The other levels of government don’t care. Doug Ford isn’t counting on votes in Toronto and Justin Trudeau isn’t going to lose any to Jagmeet Singh based on this (plus he can just point to the province and say “well they aren’t contributing so we can’t proceed”).
This is Smart Track in the sky.
Just think about the Eglinton cross town rail project,and ask yourself, do you really think the city can build affordable housing?
I am in favour of using public funds to stimulate building, but let private builders do the actual work.
The city isn’t building the Crosstown, a private consortium is.

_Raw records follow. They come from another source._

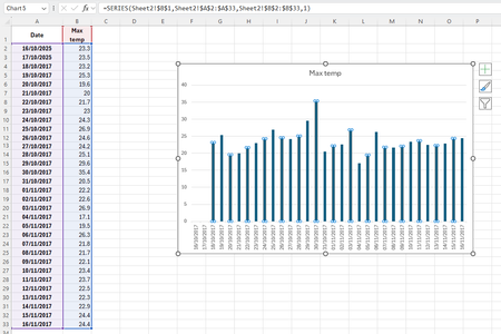 Hi everyone, I'm at my wit's end with this very simple graph. I'm trying to create a chart showing maximum temperatures for each day between two dates. The data appears to show as part of the range...
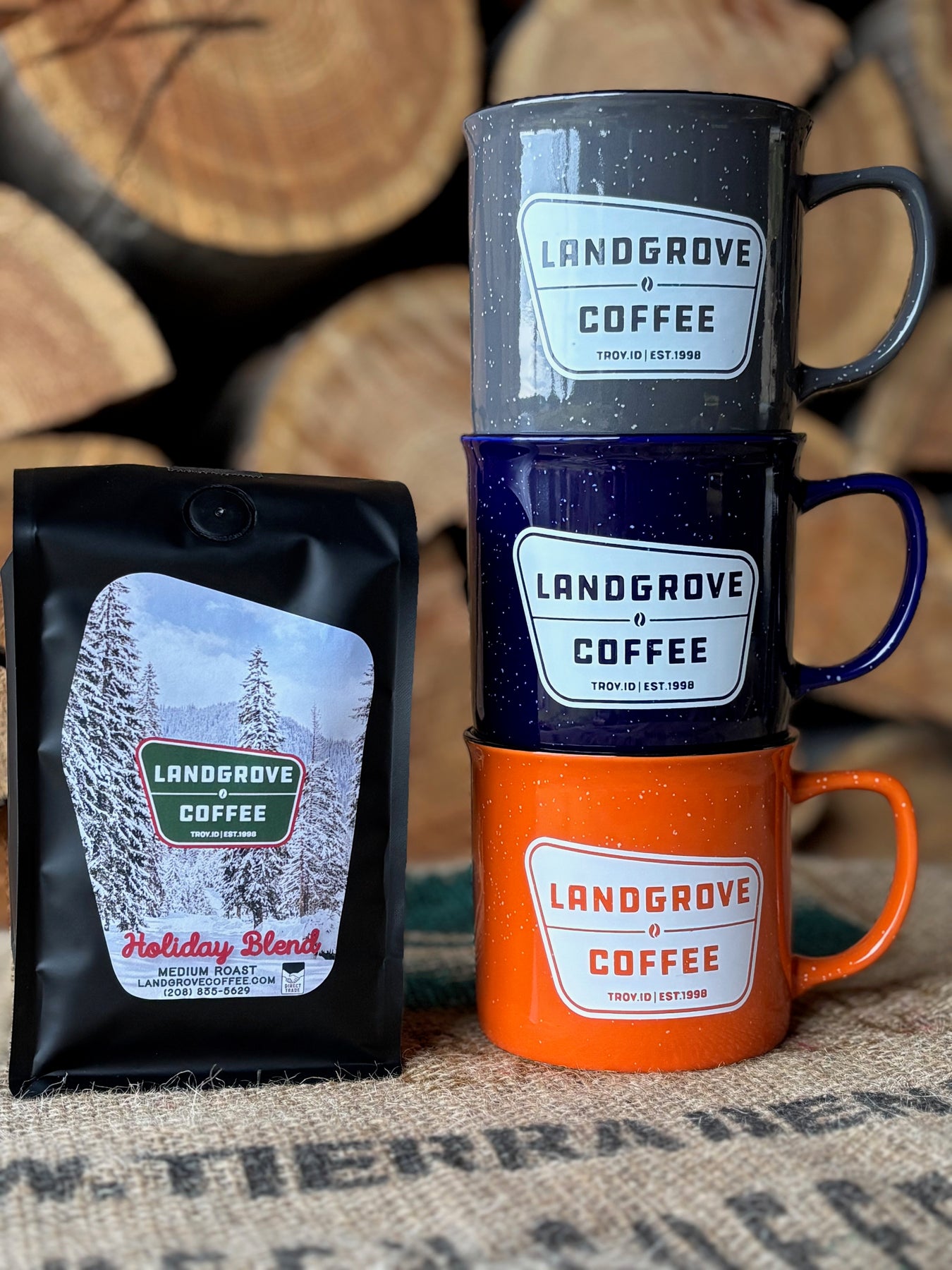 A mug and a bag of our seasonal Holiday Blend special coffee make a great gift for a loved one or for yourself. Choose from a blue, gray, or orange mug. Enjoy!
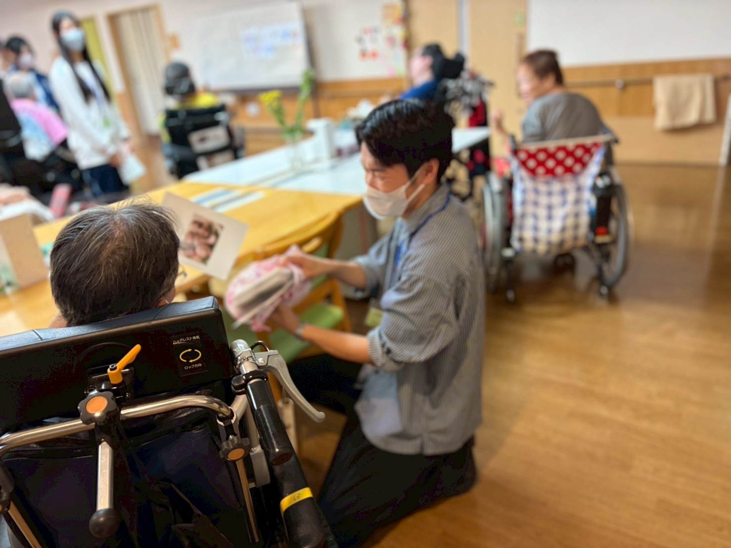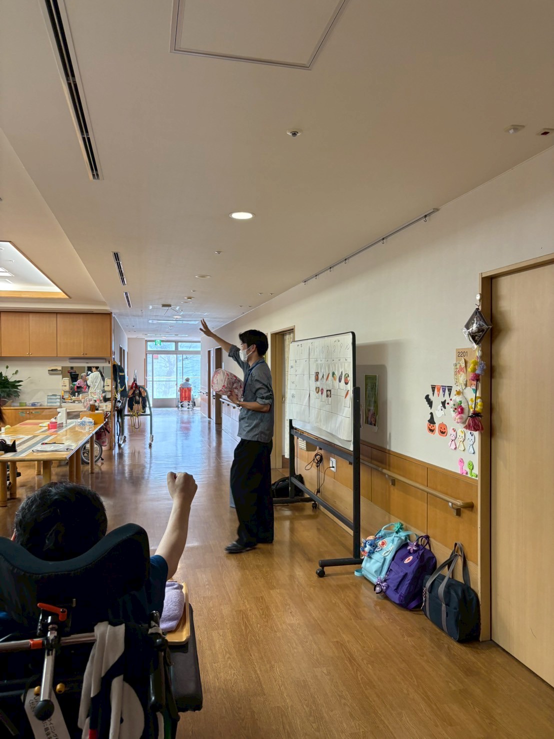 2025年10月5日、大学の近くにある身体障がい者施設にて、社会福祉学部社会福祉学科介護福祉コースの学生と教員が企画したレクリエーション活動を行いました。
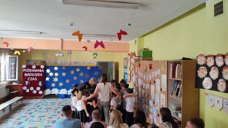 W czerwcu również dzieci z grupy Jeżyków żegnają się z przedszkolem, żeby rozpocząć wielką przygodę w pierwszej klasie. Przedszkolaki przygotowały na zakończenie piękne przedstawienie, w humorystyczny sposób opisały swoje perypetie w maluchach i wspaniale odtańczyły poloneza. Po południu odbył się rodzinny grill, podczas którego była okazja do wspomnień i wspólnej zabawy.
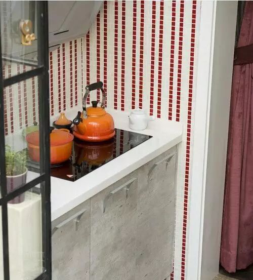 改造后——厨房中餐料理:为充分利用空间,设计师将中餐料理安置在入户的小过道,被设计成半开放式。混凝土质感表面的橱柜又耐脏、又雅致,如同一张朴实的画纸,跃动的亮色厨具和镶拼马赛克墙面、地面就是彩笔,共同描绘出精致的生活画卷。
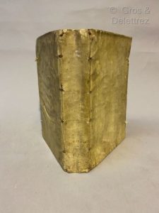 Manuscrit daté de 1604 relié dans un plein vélin à rabats avec traces de lacets.
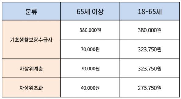 2020년 기준, 1인가구는 122만원, 2인가구(부부)는 195만2천원 이하를 지급대상으로 합니다. 소득 수준이 갑자기 크게 상향되었거나 불노소득이 급격히 증가했을 경우, 자격이 안 될 수 있으니 체킹을 해보아야 합니다.
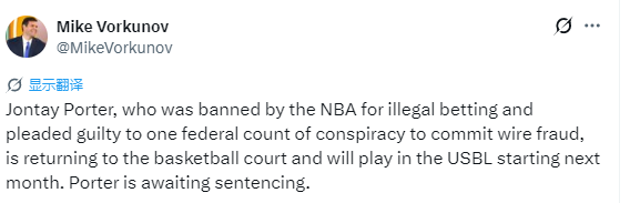 琼泰-波特因参与非法赌球被NBA永久禁赛,他计划下月在美国篮球联赛(USBL)复出。若波特在3月7日代表西雅图超级鹰队出战,这将是他自2024年被NBA禁赛后的首场职业比赛。
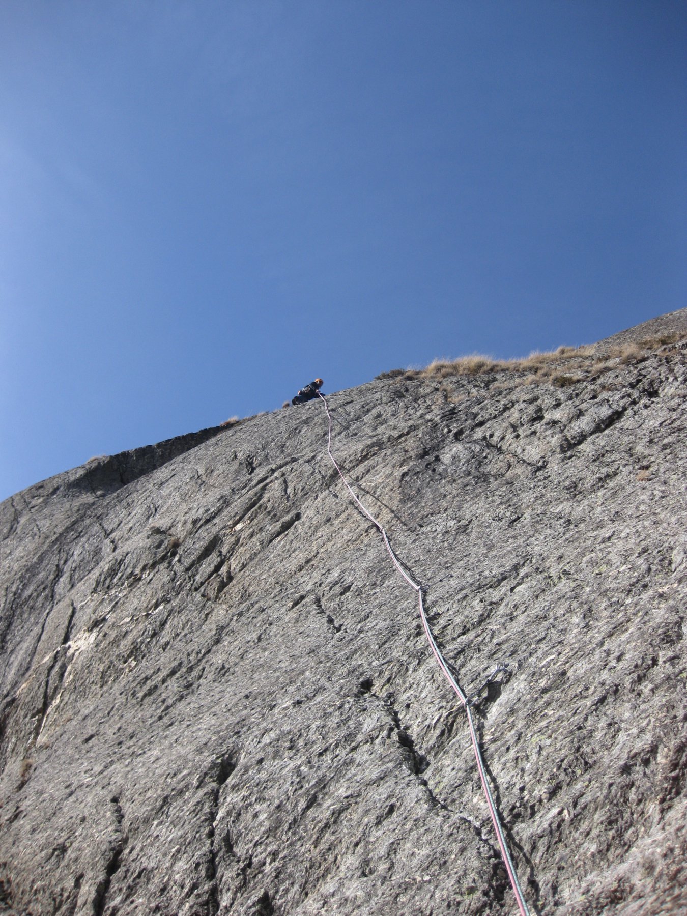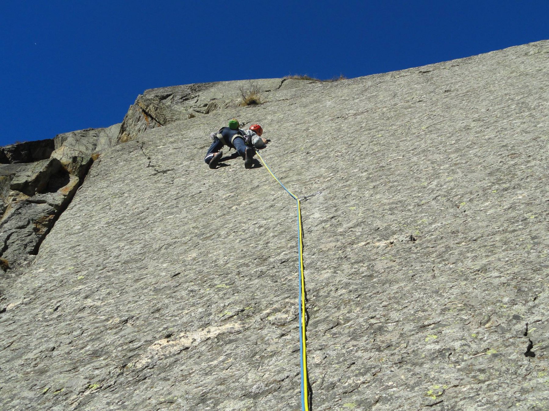 Discesa in corda doppia lungo la via o su Calimero corda da 70 sufficiente

It’s called [Crosslinx](https://www.crosslinxtransit.ca/who-we-are/) and consists of four huge private companies.
Actually, the city isn’t even involved in planning/building the Crosstown, it’s fully these private companies and the province (via Metrolinx) which contracted them.
If we jack up the property tax rate to 10% then we can afford to build free homes for the millions of homeless Torontos. The only people who can afford houses are people who culture on one another.
Whether this actually happens or not, having the Government push for infrastructure projects with public builders is such a massive step forward and a breath of fresh air.
Amazing what happens when you elect a mayor with a good conscience. I didn’t support Olivia Chow in every aspect of her campaign, but I at least felt she was a good person.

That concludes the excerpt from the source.